How Long One Should Remain Invested? Find Out Here


sdBENGALURU: Everyone stays financially invested in their lives but for how long is the question. Always remember, investing is a judicial mix of your needs, the time period and growth prospects. Every asset or investment option has an ideal time period. If you liquidate your investment before the end of this tenure, you may not be able to get maximum returns according to yahoo.com.

Employees Provident Fund (EPF):

Employee’s provident fund administers a compulsory contributory Provident Fund Scheme, Pension Scheme and an Insurance Scheme. This is a retirement corpus created with a fixed contribution by the employer and employee but this scheme is only available for salaried individuals. The current rate of return from EPF is fixed at 8.75 percent per annum. The invested amount and interest can be claimed when you retire or leave the company. Basically EPF is seen as a retirement plan.

Public Provident Fund (PPF):

The Public Provident Fund is savings-cum-tax-saving instrument in India; the main aim of the scheme is to mobilize small savings by offering an investment with reasonable returns combined with income tax benefits. Here the aim is to provide old-age financial security. Currently, the interest rate on PPF is 8.7 percent per annum. PPF is a long-term plan and its duration for is 15 years but you can withdraw the invested amount only on its maturity.
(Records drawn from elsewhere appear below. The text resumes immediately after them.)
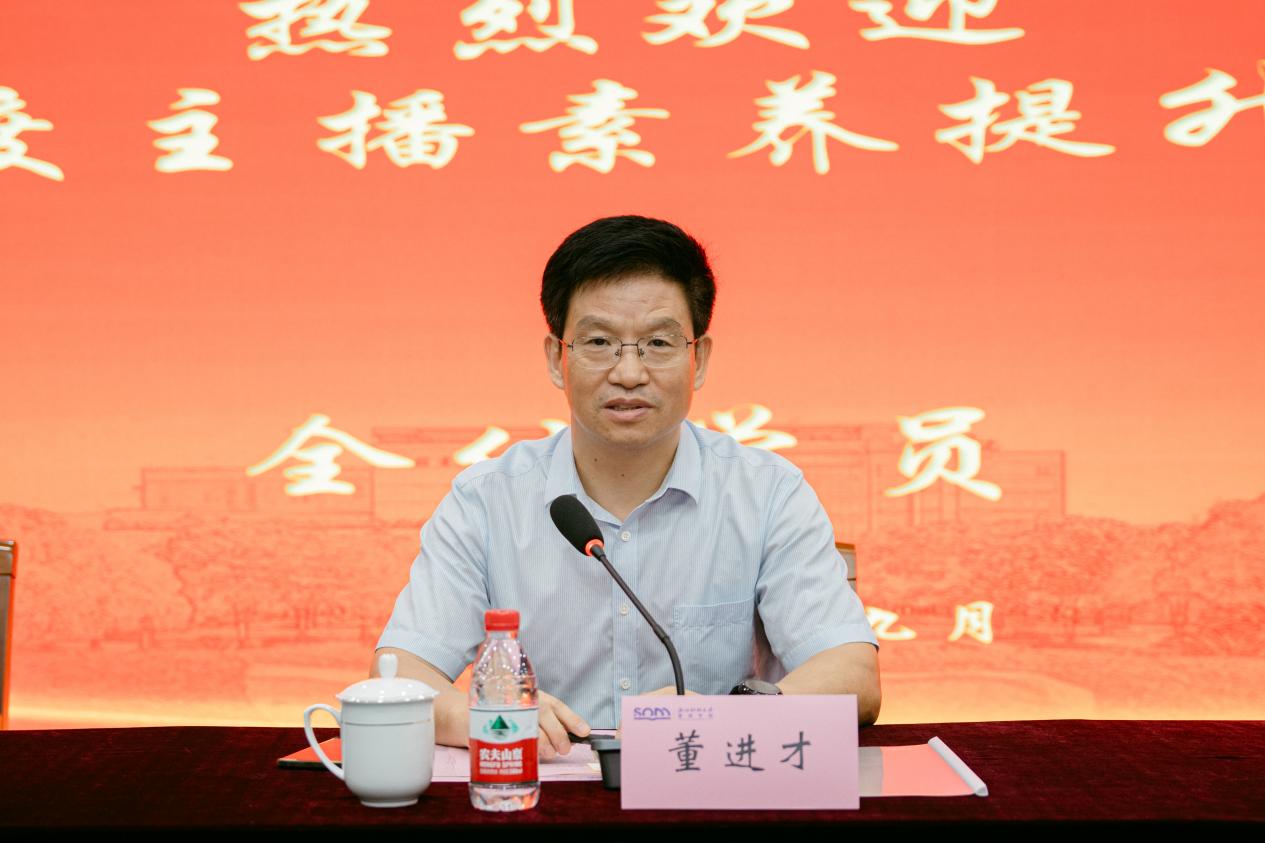 首先,董进才代表学校致欢迎辞,对参加本次主播素养培训班的全体学员表示热烈欢迎,并强调了在当前数字经济浪潮中,提升主播专业素养对于促进直播电商行业健康发展、增强市场竞争力的重要意义,他希望全体学员珍惜此次学习机会,学有所获、学有所成,为推动杭州市电商直播行业的发展贡献智慧力量。
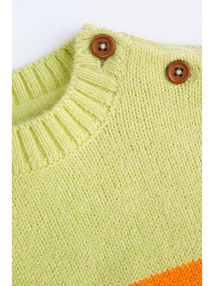 Очаровательный вязаный свитер из серии SMILE BOY NEWBORN, который надевается через голову, обеспечивая комфорт и быстрое одевание. Украшен разноцветными полосками и изображением крокодила, что придает ему жизнерадостный вид. Застежка на пуговицы на плече облегчает надевание и добавляет элегантности. Идеально подходит для прохладных дней, добавит очарования и стиля любому малышу!
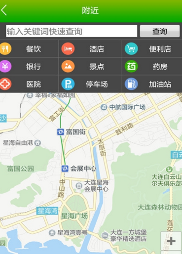 2.附近查询:支持附近位置POI信息查询,酒店 银行 景点 药房 医院 停车场等一键查询。
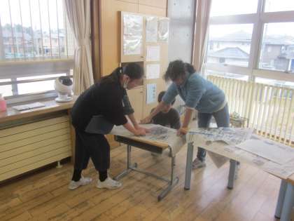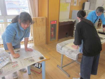 ローラーでインクをつけて、バレンでしっかりとこすります。
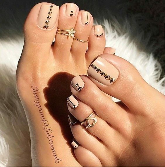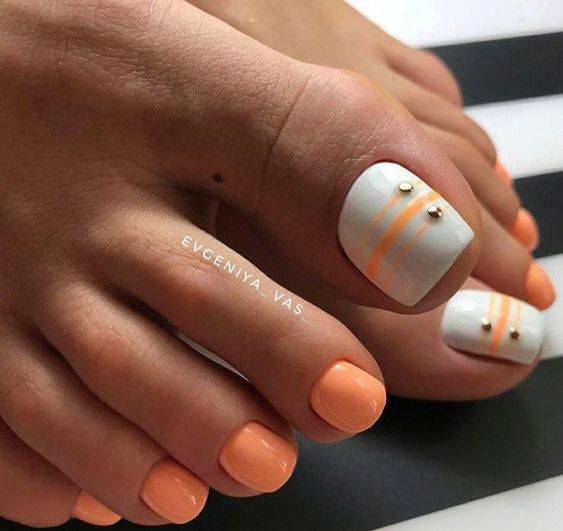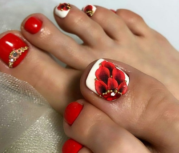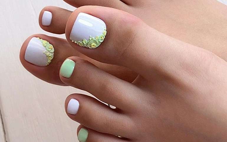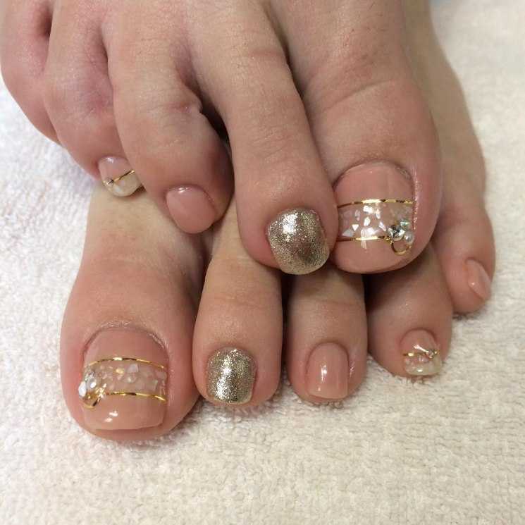Здесь как и с синими и красными цветами есть свои виды. Классический педикюр может быть декоративно-золотым, иметь пастельные тона, белые и иметь множество других вариаций.

Public sector bonds (Infrastructure bonds):

Infrastructure bonds are basically long-term tax-saving instruments issued by the government’s authorized entities like LIC, IDFC, IFCI and Non-Banking Financial Companies (NBFC). These bonds are issued to raise money for funding infrastructure projects like roads, railways and airports and channelize savings into the infra sector. Generally these bonds have tenure of 10-15 years. These bonds are also eligible for income tax exemptions under Section 80C of Income Tax Act.